EXCLUSIVE: BT and 3 UK representatives told Mobile World Livethe companies will cease jointly upgrading sites through infrastructure venture MBNL at the end of the month, as the pair look to take greater control of their 5G deployments.
MBNL will continue to maintain sites and become an estate company, managing existing passive infrastructure and joint sites on behalf of the two operators, including providing access as necessary.
As of the start of April, both operators will perform all upgrades independently from each other, a move 3 technical services director Patrick Binchy said will allow it to focus on its own priorities, noting it could better “manage our customer experience and budgets”.
He added the company will be able to “do things faster” without having to get its partner to “agree and accept what we’re doing, when we do it and how we do it”.
BT chief networks officer Greg McCall claimed the refocus of MBNL is a “good move”, citing the ability to focus on its own priority areas independently of 3.

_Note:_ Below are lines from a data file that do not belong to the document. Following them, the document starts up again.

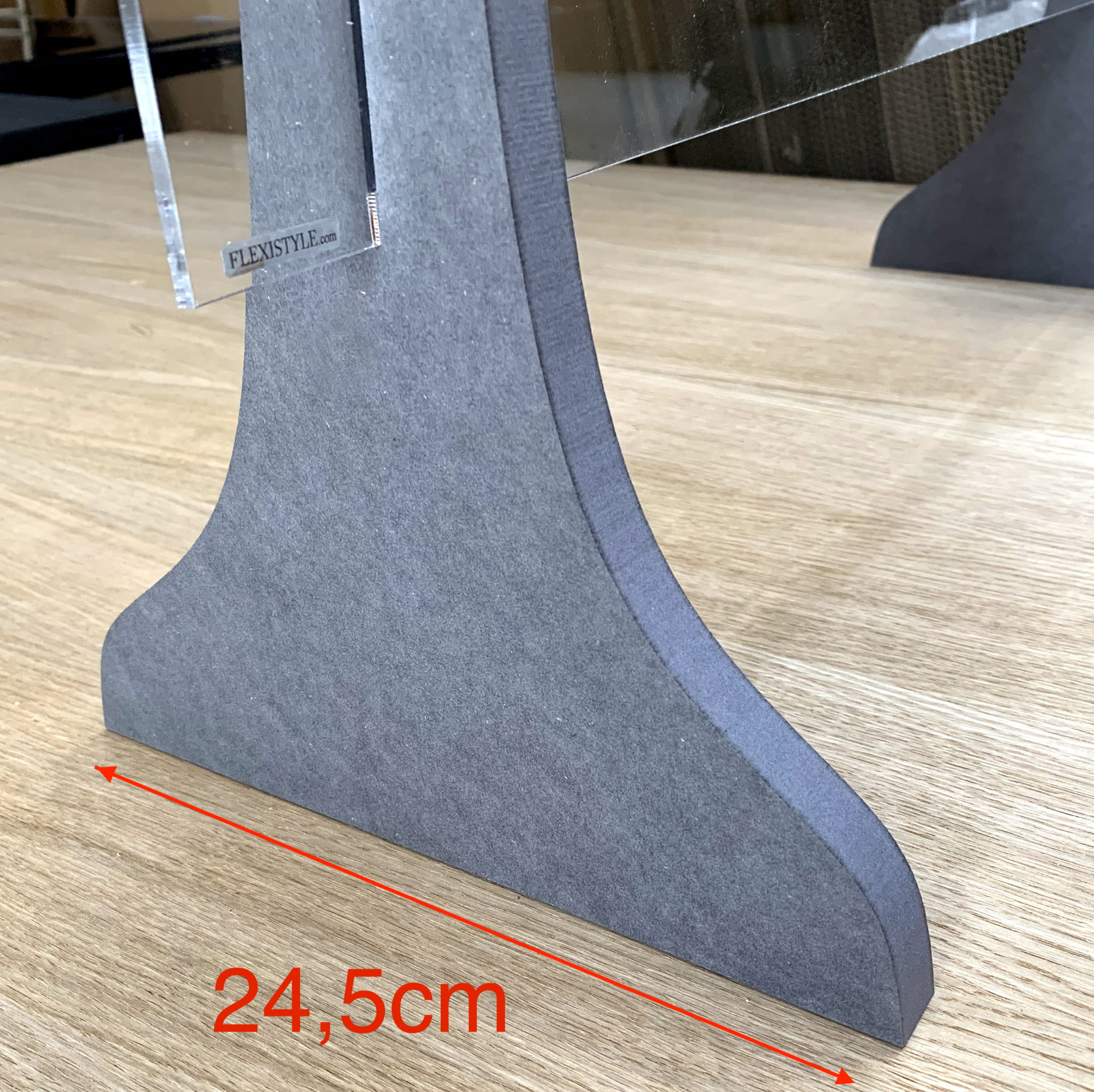 - Stabilna podstawa wykonana z barwionego MDFu w kolorze ciemno szarym o szerokości 24,5cm i wysokości 36cm.
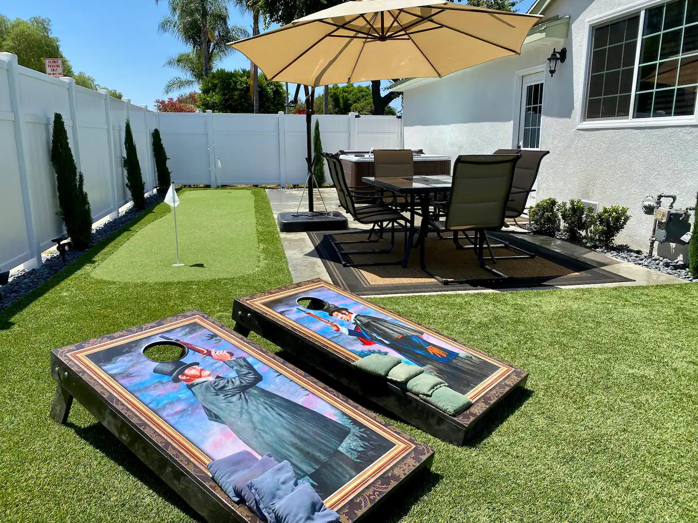 The backyard is a Halloween lover’s dream, with artificial turf, Cornhole, a putting green, BBQ, and a 6-person Jacuzzi to soak away your fears. Just in time for the holidays, the house transforms on November 8th into a Nightmare Holidays wonderland, blending spooky and festive vibes in a way that only the Haunted Mansion can. With all the chills and thrills at your fingertips, this ghoulishly delightful retreat is perfect for those who dare to experience the darker side of Disney!
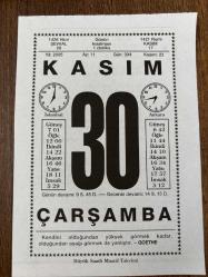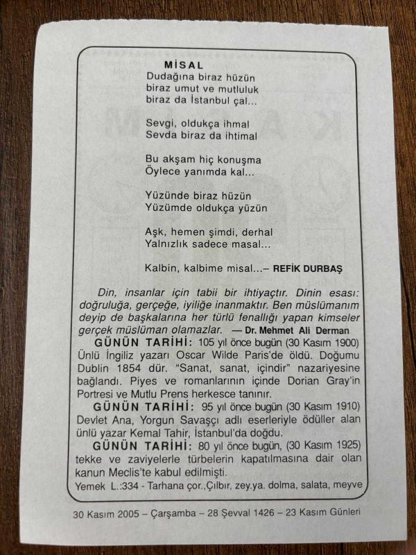 30 KASIM 2005 - TAKVİM YAPRAĞI - DOĞUM GÜNÜ HEDİYESİ - BÜYÜK SAATLİ MAARİF TAKVİMİ - GOETHE - REFİK DURBAŞ - DR. MEHMET ALİ DERMAN - İNGİLİZ YAZAR OSCAR WİLDE ÖLDÜ - TEKKE VE ZAVİYELERİN KAPATILMASINA İLGİLİ KARAR ÇIKTI - YAZAR KEMAL TAHİR'İN DOĞUMU başlıklı ürün, Efemera, Müzik, Sinema > Belge ve Evraklar > Takvimler kategorisi altında İkinci El olarak satılmaktadır.
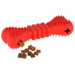 Kerblin täytettävä aktivointilelu tarjoaa koirallesi hauskaa ja monipuolista tekemistä jokaiseen päivään. Lelun sisälle voi piilottaa herkkuja tai kuivaruokaa, mikä lisää haastetta ja palkitsee koiraa sen onnistuessa. Kestävästä ja tukevasta kumista valmistettu lelu sopii erinomaisesti niin aktivointiin kuin heittoleikkeihin, ja sen muotoilu tekee siitä helpon kantaa ja pureskella. Materiaali on hellävarainen hampaille ja ikenille, joten leikki on turvallista kaikenikäisille koirille. Luu on 17 cm pitkä ja kompakti kooltaan, mikä tekee siitä ihanteellisen useille keskikokoisille koiraroduille.

“As we rolled out 4G and more specifically 5G I think our deployment strategies have been different from each other,” McCall added, noting “refocusing and restructuring the venture” provides it “more autonomy and flexibility to roll out our infrastructure where we and our customers need it”.
But the BT network chief acknowledged it had “always had a bit of this” flexibility within the agreement, pointing to the differing network footprints of the two operators.
While network-related joint ventures are often cited as ways to reduce expenses, Binchy noted MBNL in its current form was actually increasing some of its costs.
“One of the things we found with MBNL is the cost was very, very expensive because you’re not just building for yourself, but you’re designing and building for both networks.”
“You’ve got to try and get planning permission and go through various loops on that, then [there’s] how much do you futureproof the site and to what level are you building it?”
He noted following the change, 3 “just has to look after ourselves,” stating it could focus on its own needs rather than having to engage with BT and potentially “compromise on a different build, a different timescale that’s more complex, and more expensive build in itself”.
McCall highlighted a lot of the cost savings from ventures such as these were within the passive infrastructure, which it will continue to share with 3 “well into the long-term”.
MBNL was formed in 2007 by 3 and Deutsche Telekom-owned T-Mobile UK to build and operate a joint 3G network covering the active and passive infrastructure.
By the time 4G networks launched, T Mobile was part of Everything Everywhere, a JV with Orange’s local business, with MBNL then serving Everything Everywhere and 3.
Everything Everywhere eventually rebranded EE and is now owned by BT.
For respective 4G networks, the role of MBNL was managing passive infrastructure and aligning the active needs of the pair, with this split continuing into 5G.